Yea, probably just how people talk in different areas make a different


----------



## albert_laosong

RA-Horakthy said:


> In South part of China there might be more use of Reduplicated words but... If you say 慢慢吃 in Northeast China, you'll give away that you are not local.


I'm from Xi'an, duplicate words are common here, but really I'm not sure about Northeast China


----------



## RA-Horakthy

东北叠词用的比较少，基本上儿化音占全部


----------



## SuperXW

RA-Horakthy said:


> 先Means many things in English, and sometimes it's just an add on that makes the sentence means slightly different. It's probably a cultural differences though, that 先 probably only meant first in HongKong?
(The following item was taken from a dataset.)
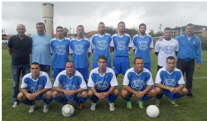
ФК Село Младеновац

All meanings of 先 derive from "first" (including "priority" etc.). I have already explained why it makes sense in both cases. "Just an add on" and "cultural difference" have their origins.
你先吃，背后的意思是：你稍后再考虑其它事情。而我既然不说“咱们先吃”，就意味着我和你做出不同的选择了。
这里的“先”仍然表示first，是相对于其它事情而言。


----------



## RA-Horakthy

SuperXW said:


> 这里的“先”仍然表示first，是相对于其它事情而言。


Well I don’t know why this is related to the question... But we certainly don't think of wedding rings as imprisonment since they meant the same thing in very ancient time. Well I do agree with you the majority use of 先 is similar to first, but this time zone is not so consistent during conversations. For example, 先生 means sir, though the root of this word is the man born before you, but we don't tend to think that way. 先人 is the people before us, but not the first people. That's one of the many troubles I faced when translate haha, sometimes word to word isn’5 the best optoion~~ XD


----------



## SuperXW

Because you said "if you add先, it means you are leaving, without 先it means you are sitting with him and watching him eating".
I don't think this is a strict rule, not even a good rule of thumb. For example, a mom tells her son 你先吃 may not mean she's leaving, and I can also say 你慢慢吃 without 先 while I'm leaving.
I would prefer a deeper understanding of 先 to explain relative usages.


----------



## Lianxin

_慢点吃_, _别着急_。


----------



## Skatinginbc

「慢點吃」的「點」是「些」的意思，暗示「比較」：叫人放慢速度，比現在的速度更慢一些，別吃得這麼快。 ==> 前提是你認為他狼吞虎嚥，吃得太快、太急了。

假如對方才剛答應一起走，還沒機會加速或急著吃, 你就預先提醒不用急，那麼，應是「慢慢吃，不急」。==> 意思是你可以保持悠閒或正常的速度。


----------